5) As Politico had noted “Joe Manchin is to Biden's White House what Joe Lieberman was to Obama's." Lieberman, once a longtime Democrat, was such a centrist turncoat that he had endorsed John McCain over Barack Obama in 2008 and even went so far as to speak against Obama at the Republican National Convention that year. He's also the main reason Obamacare lost the public option. Of course, Lieberman was hardly the only “moderate Democrat" who had undermined Obama.
I'd like to highlight just how doomed centrist politics looked at this point.
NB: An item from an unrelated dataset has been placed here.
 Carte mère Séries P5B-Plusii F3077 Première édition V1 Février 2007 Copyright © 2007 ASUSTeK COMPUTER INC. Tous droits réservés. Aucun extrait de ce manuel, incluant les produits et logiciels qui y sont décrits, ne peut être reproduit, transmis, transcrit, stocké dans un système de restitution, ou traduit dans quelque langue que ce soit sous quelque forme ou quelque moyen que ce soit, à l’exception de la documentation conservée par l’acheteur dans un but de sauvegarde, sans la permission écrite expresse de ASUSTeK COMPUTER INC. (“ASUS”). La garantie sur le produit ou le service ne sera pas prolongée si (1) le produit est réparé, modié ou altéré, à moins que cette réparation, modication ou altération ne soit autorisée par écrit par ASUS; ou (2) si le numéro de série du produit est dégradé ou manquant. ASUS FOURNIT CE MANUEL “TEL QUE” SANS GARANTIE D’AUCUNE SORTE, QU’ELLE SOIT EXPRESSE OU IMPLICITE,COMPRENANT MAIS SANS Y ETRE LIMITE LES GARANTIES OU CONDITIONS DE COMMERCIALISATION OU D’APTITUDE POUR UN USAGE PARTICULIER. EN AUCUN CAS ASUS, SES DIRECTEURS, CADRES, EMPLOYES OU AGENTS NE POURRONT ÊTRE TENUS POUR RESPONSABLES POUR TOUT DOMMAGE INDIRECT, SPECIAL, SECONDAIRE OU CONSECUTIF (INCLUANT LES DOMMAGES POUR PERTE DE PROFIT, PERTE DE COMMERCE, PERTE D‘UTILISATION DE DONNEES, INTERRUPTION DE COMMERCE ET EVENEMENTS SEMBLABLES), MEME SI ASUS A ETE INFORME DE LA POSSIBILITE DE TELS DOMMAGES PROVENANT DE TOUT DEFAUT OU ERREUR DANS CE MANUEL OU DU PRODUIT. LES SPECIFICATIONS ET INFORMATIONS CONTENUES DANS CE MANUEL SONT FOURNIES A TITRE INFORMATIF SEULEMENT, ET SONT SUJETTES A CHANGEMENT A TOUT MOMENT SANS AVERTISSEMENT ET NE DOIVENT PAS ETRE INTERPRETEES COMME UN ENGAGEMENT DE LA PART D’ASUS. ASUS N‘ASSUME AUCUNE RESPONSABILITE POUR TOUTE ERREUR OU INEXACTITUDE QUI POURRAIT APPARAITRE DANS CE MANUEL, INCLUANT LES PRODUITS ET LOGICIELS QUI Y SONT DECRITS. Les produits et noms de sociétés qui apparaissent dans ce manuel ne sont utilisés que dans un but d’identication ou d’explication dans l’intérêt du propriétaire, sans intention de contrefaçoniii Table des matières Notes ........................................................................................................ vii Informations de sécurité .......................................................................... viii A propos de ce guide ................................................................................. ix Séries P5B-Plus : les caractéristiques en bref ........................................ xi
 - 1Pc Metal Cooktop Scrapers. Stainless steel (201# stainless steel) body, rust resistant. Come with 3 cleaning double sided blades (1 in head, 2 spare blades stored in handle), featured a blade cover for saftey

After winning 2008 nomination, Obama snubbed the Democratic Leadership Council (DNC) that Bill Clinton, Al Gore, and Joe Biden had helped found. Both Obama's campaign and the DNC were headquartered in Chicago and the DNC had invited Obama to their convention. Instead, he chose to shoot some hoops and get a haircut only three blocks away! Then Joe Lieberman pulled all of his aforementioned nonsense and Democrats' anger at him was palpable. In 2011, the DNC closed its doors for good. Good riddance.
A lot of the optimism of the early Obama years was tied to the impression that centrism was finally dying. Centrists were exposed as pro-war and anti-labor, and nearly everyone had had enough of them. Alas, on top of moderates' obstruction, Obama proved to be something of a centrist himself. Gaslighting by and for politicians continued, but gaslighting by and for moderates had stopped. At least it did until 2016.
6) I'm not exactly Joe Biden's biggest fan, but his speech was a step in the right direction and it deserves at least a golf clap. And if you're protective of Joe and therefore offended by my words, try to remember that your bipartisan tastemakers think he went too far. Get mad at them instead of me.